上巻は人生の前半部分を中心に描かれているため、苦労人の立志伝のよう。公正な扱いを求め衝突を繰り返すエピソード、金に対する嗅覚の鋭さを示すエピソード、人の心を捉える方法を学ぶエピソードなどから、後の角栄のスタイルを形作ったものを窺わせる。しかし、まだ何が”異形”なのかは分からない。上巻で見えたのは、角栄の人たらし術の根本が、”金を遣る”であること。これをやり過ぎたってことか。

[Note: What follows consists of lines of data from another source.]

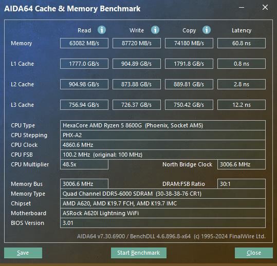 Ryzen 5 8600G+A620I Lightning+某品牌DDR5 6000C30-38-38-76 16GB*2开启EXPO,AIDA64内存和缓存测试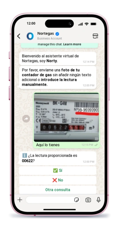 Se implementó un sistema innovador de Reconocimiento Óptico de Caracteres (OCR). Los usuarios pueden enviar simplemente una foto de su contador por WhatsApp y el sistema identifica la lectura, se la presenta para su validación e inmediatamente la registra en los sistemas de Nortegas, simplificando drásticamente el proceso de Aportación de Lecturas.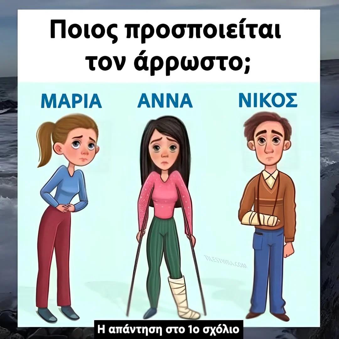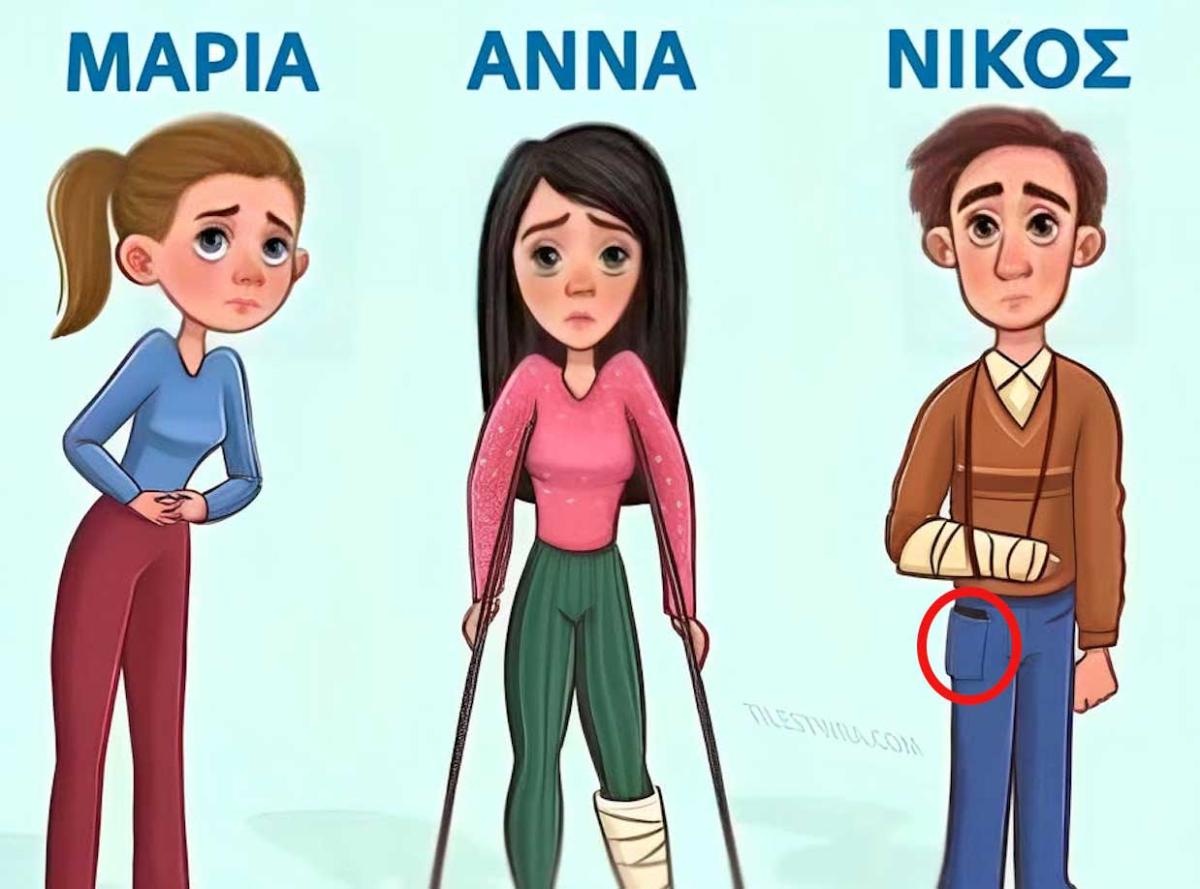 Ρίξτε μια προσεκτική ματιά σε κάθε άτομο στην εικόνα. Αναλύστε προσεκτικά τις εκφράσεις τους, τη γλώσσα του σώματος και τον τρόπο που παρουσιάζουν τα τραύματά τους. Ένας από αυτούς δεν είναι πραγματικά άρρωστος!

下巻は角栄の後半生。政局でしか政治家を語れない既成メディアと異なり、角栄の立法、外交、選挙をじっくり読めて満足。また、その特異なキャラクターの背景にバセドー病や躁鬱病の存在を知り、驚きつつも納得した。さて、角栄の”異形さ”とは何だったのだろう。官僚への細やかな気遣い、選挙民からの支持、政治家の面倒見の良さ、これらのプラス評価はみんな利益供与だったのだ。角栄が日本人を拝金主義に変えたのか。拝金主義の日本人が角栄を利用したのか。坂道を転げ落ちるがごとく、という言葉がまさにぴったりな角栄の後半生は、寂しいですね。外交、内政そして家庭も四面楚歌。子飼いの政治家も結局は権力に群がってきただけ。孤独を酒を紛らわす日々では病気にもなります。

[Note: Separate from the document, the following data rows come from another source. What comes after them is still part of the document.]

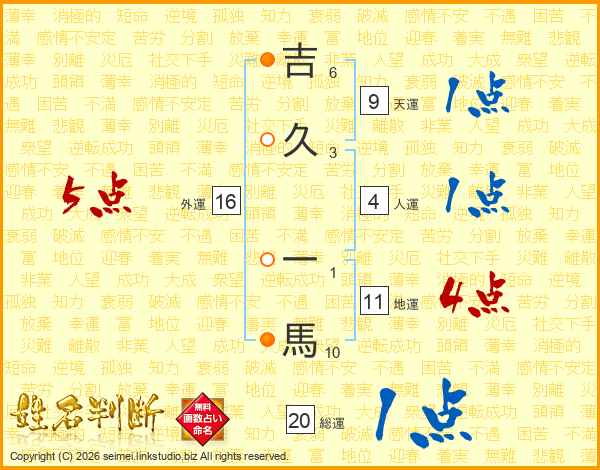 吉久一馬さんの地運は11画の4点!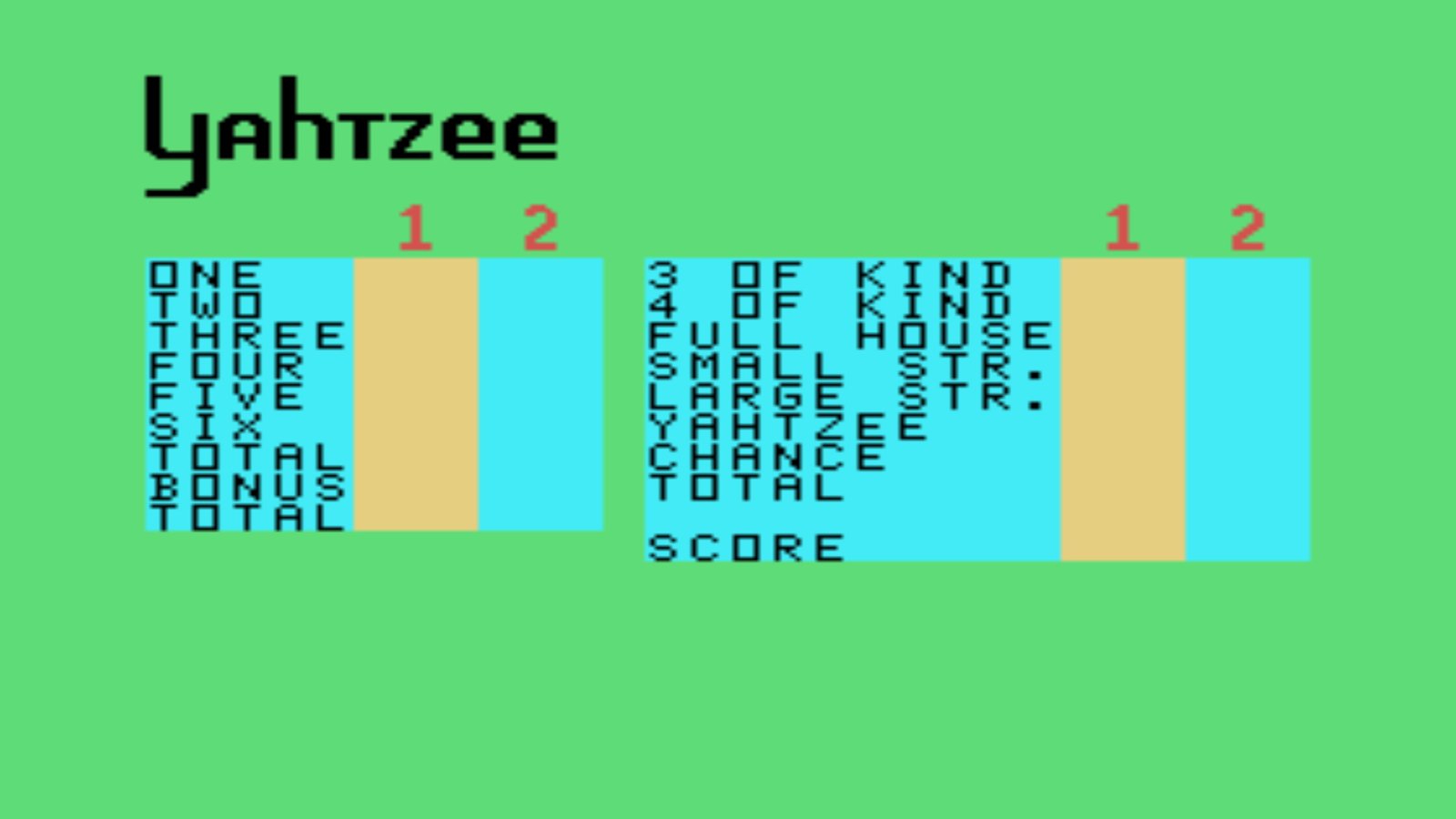 | current | 13:06, 29 September 2020 | 1,920 × 1,080 (183 KB) | Amycjgrace (talk | contribs) | This is the main scoreboard screen from the TI-99 video game Yahtzee produced by Milton Bradley. |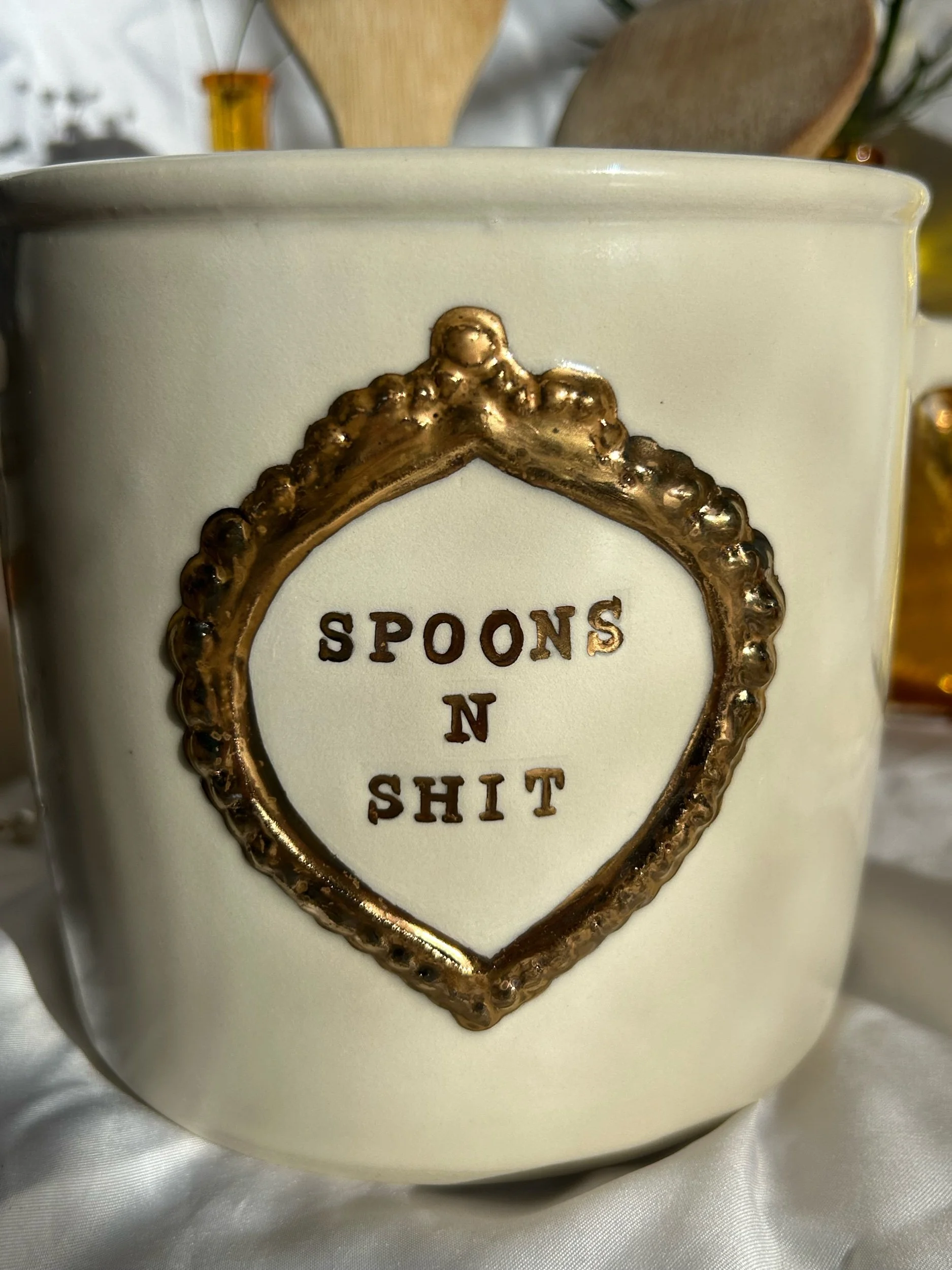 Medium sized utensil holder decorated with an intricate gold frame and gold stamped lettering that reads “spoons n shit”

田中角栄に対する評価はたくさんあるが、よくも悪くもスケールの大きく物凄く優秀な人。義理人情にも厚く、弱者の味方、公約は守るなど政治家としてだけではなく、一人の人間としても魅力的な人だったのだろうと思う。その「ブルドーザーつきのコンピュータ」と言われた頭脳に相応しい合理的な考えを、ついぞ持てなかった。そのことが彼を権力の頂点まで押し上げたし、そこから引きずり下ろされる原因も作った。ただ、よくも悪くも目立ちすぎた、金にまつわる事が多すぎた、清廉潔白を求める日本では、叩かれたのかなと思う。